What you have to do:
The data is to be repeated exactly, with the images removed.

Data section:
---
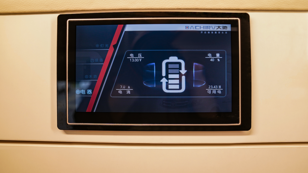 电力系统标配:3000W充逆变一体机、800W太阳能板、800AH房车专用锂电池。
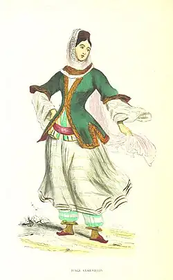 ![]() An Armenian woman from New Julfa in national costume. From The Costumes of Armenian Women by Gregory Lima (Tehran, 1974) | |
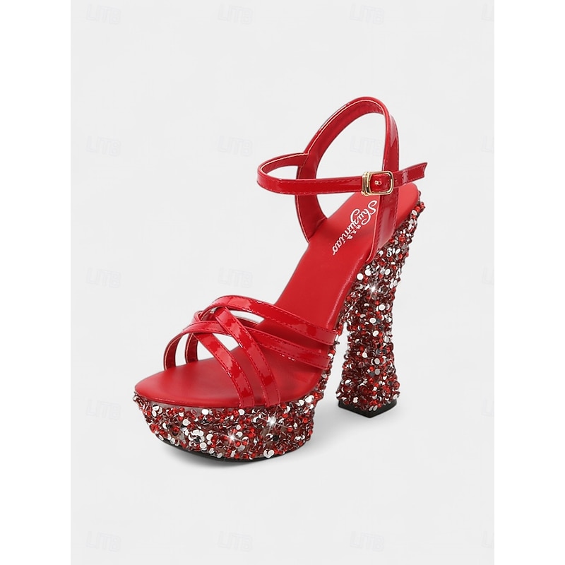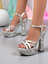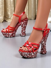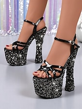 More information about Women's Black Glitter Platform Sandals with Thick Heels - Sparkling High Heels for Nightlife Parties
---
Your solution:
 电力系统标配:3000W充逆变一体机、800W太阳能板、800AH房车专用锂电池。
 ![]() An Armenian woman from New Julfa in national costume. From The Costumes of Armenian Women by Gregory Lima (Tehran, 1974) | |
 More information about Women's Black Glitter Platform Sandals with Thick Heels - Sparkling High Heels for Nightlife Parties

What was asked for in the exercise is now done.